As mentioned above, our HOERM learns an option for each transition $\langle u, u_t \rangle $ between RM states. The initial set of each option is defined as $\mathcal {I}_{\langle u, u_t \rangle } =\{ \langle s, u\rangle : s\in S, u \in U \}$. Since option$_{\langle u, u_t \rangle }$ can only be selected to execute when the RM state is u, its policy can be represented as $\pi _{\langle u, u_t \rangle }(a|s)$ by the environmental state s. The termination of an option$_{\langle u, u_t \rangle }$ is defined by Eq. (1), that is, when it transitions to a new RM state or reaches the final state of the task.

$$\begin{aligned} \beta _{\left\langle u, u_{t}\right\rangle }\left( s^{\prime }, u^{\prime }\right) =\left\{ \begin{array}{ll} 1 &{} \text{ if } u^{\prime } \ne u \text{ or } s^{\prime } \text{ is } \text{ terminal } \\ 0 &{} \text{ otherwise } \end{array}\right. \end{aligned}$$

(1)

The goal of option strategy $\pi _{\langle u,u_t \rangle }$ is to guide the agent to complete the option as soon as possible.

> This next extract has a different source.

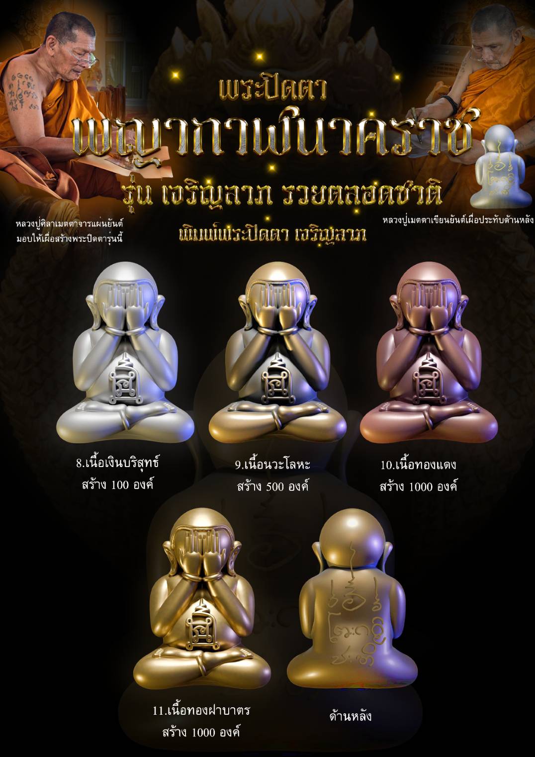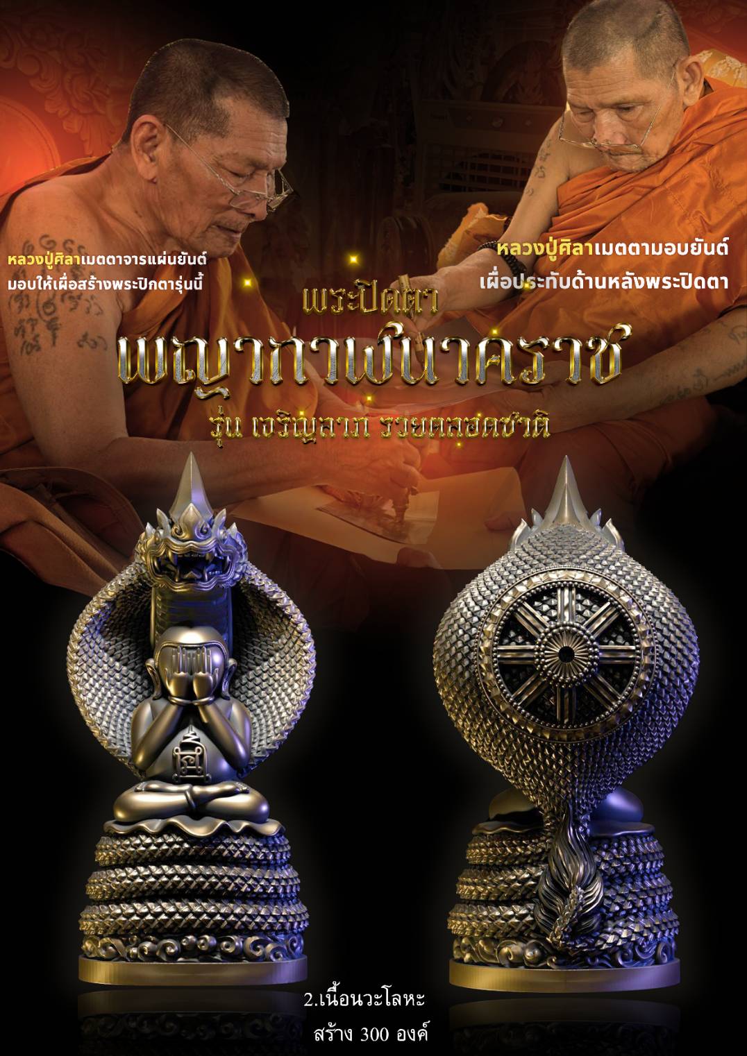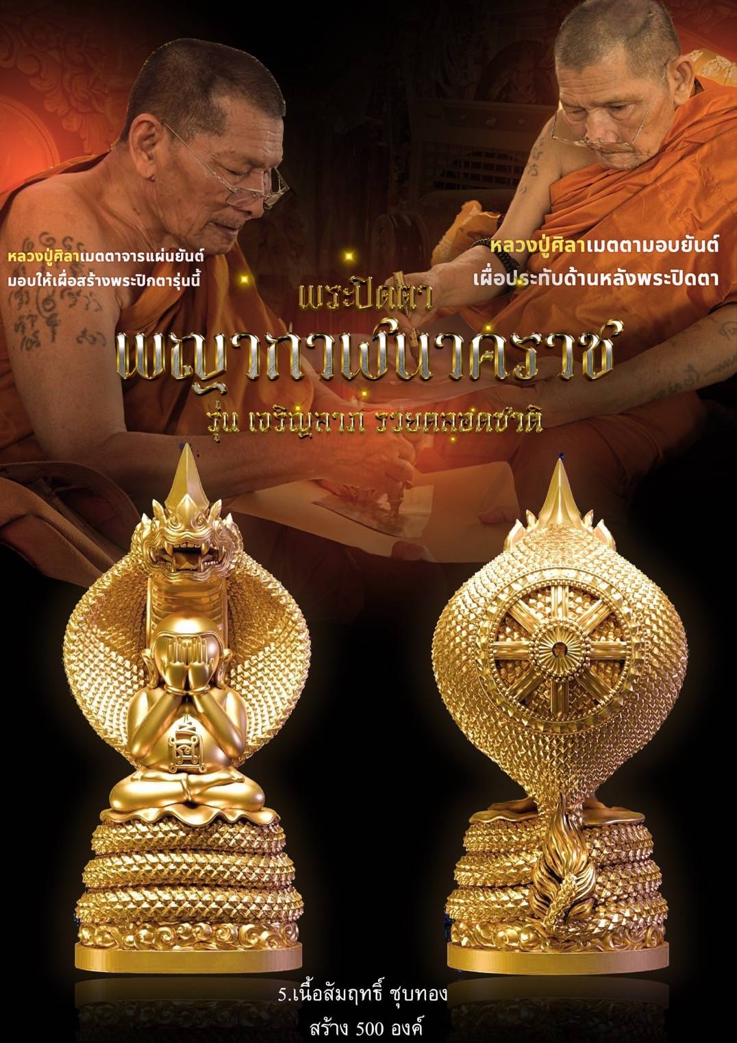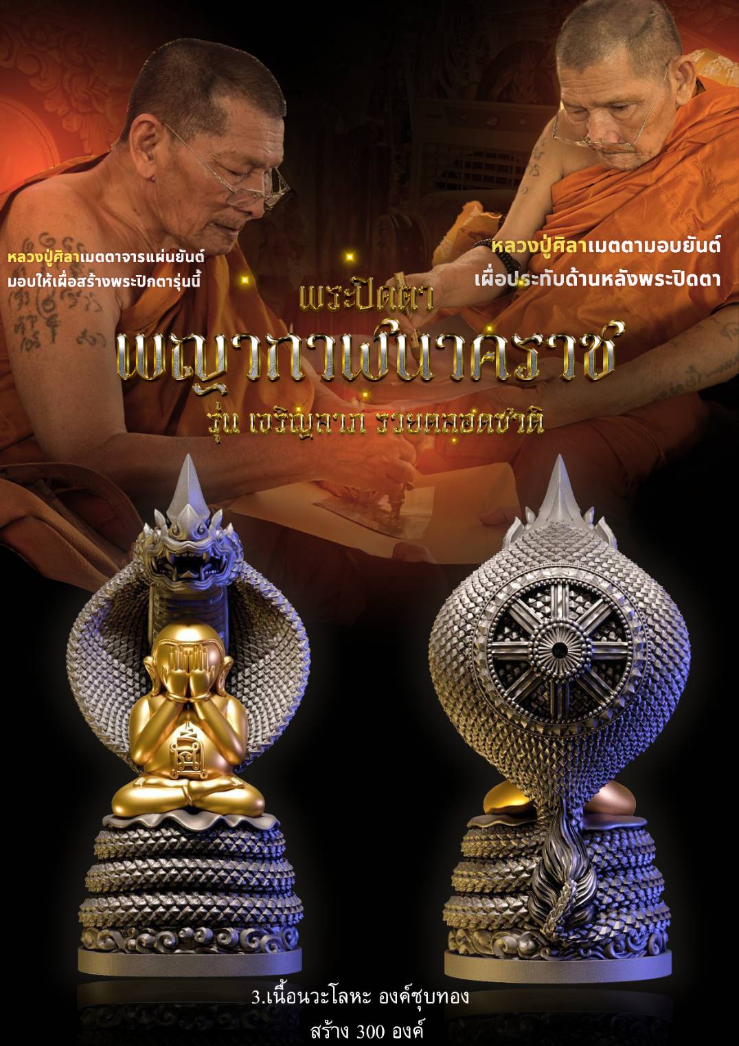 พระปิดตาพญากาฬนาคราช ปลุกเสกตามตำราวิชาโบราณพญากาฬนาคราชนอนกิน มีพุทธคุณและ อิทธิฤทธิ์โดดเด่นด้านเสริมดวงชะตา โชคลาภ การงาน การค้า นำมาซึ่งความเจริญรุ่งเรือง มีพุทธคุณ 108 ประการ พระปิดตารุ่นนี้หลวงปู่ศิลา ท่านเมตตา จารพระยันต์ลงในแผ่นโลหะเพื่อใช้ในการหล่อหลอม และได้เมตตาเขียนยันต์เพื่อใช้ประทับด้านหลังพระปิดตารุ่นนี้อีกด้วย พร้อมพิธีพุทธาภิเษกอย่างครบถ้วนสมบูรณ์ หลวงปู่ศิลา พระเกจิ พระปิดตาพญานาค โรงหล่อ บ. นพกร พุทธศิลป์ จำกัด #ขวัญพระเครื่อง #ขวัญธานันท์พระเครื่อง

Thus, we designed an innovative reward mechanism.

$$\begin{aligned} r_{\langle u, u_{t} \rangle }\left( s, a, s^{\prime }\right) =\left\{ \begin{array}{ll} \delta _{r}(u)\left( s, a, s^{\prime }\right) +\gamma \varPhi (u_t) - \varPhi (u) &{} \text{ if } u_{t} \ne u \text{ and } u_{t}=\delta _{u}\left( u, L\left( s, a, s^{\prime }\right) \right) \\ \delta _{r}(u)\left( s, a, s^{\prime }\right) +r^{+} &{} \text{ if } u_{t} \ne u \text{ and } u_{t} \ne \delta _{u}\left( u, L\left( s, a, s^{\prime }\right) \right) \\ \delta _{r}(u)\left( s, a, s^{\prime }\right) +r^{-} &{} \text{ otherwise } \end{array}\right. \end{aligned}$$

(2)

In Eq. (2), $\delta _{r}(u)\left( s, a, s^{\prime }\right) $ is the reward function output by RM, which outputs 1 only when it reaches the final state and 0 otherwise. $\varPhi (u)$ is the potential function used to measure the proximity of the current state to the terminal state. In simple terms, the closer u is to the terminal state, the larger $\varPhi (u)$ is. $\gamma $ is the discount factor defined in the MDP. The hyper-parameters $r^+$ and $r^-$ represent the auxiliary reward and punishment, respectively. If the transition $(s, a, s^{\prime })$ makes the RM state transition from u to $u_t$ ($u_t = \delta _u(u, L(s, a, s^{\prime }))$), agent will receive a reward of $\delta _r(u)(s, a, s^{\prime })$, as well as an additional reward of $\gamma \varPhi (u_t) - \varPhi (u)$, to encourage the agent for completing the RM state transition.

In addition, when the RM state transitions from u to another state $\overline{u}$ ($\overline{u} \notin \{u, u_t\}$, but $\overline{u} \in U$), the agent receives a reward of $\delta _r(u)(s, a, s^{\prime })$ and an additional auxiliary reward of $r^+$. This is because even though the transition is not the intended one, the experience is still valuable for the overall task.

For this reason, the experience replay mechanism includes a unique experience buffer, denoted as $ ReplayBuffer_2 $. It specifically stores the agent’s experiences when triggering high-level events that lead to transition from u to another state $\overline{u} = \delta _u(u, L(s, a, s^{\prime }))$, where $\overline{u} \notin \{u, u_t\}$ but $\overline{u} \in U$. The two main reasons for this design are as follows: (1) The conventional random sampling from the experience buffer often results in numerous irrelevant experiences, leading to slow training. (2) No matter whether $\overline{u}$ is equal to $u_t$, the experience gained when the agent triggers a high-level event is valuable, which helps to expedite the learning of policies for completing the subsequent subtask swiftly.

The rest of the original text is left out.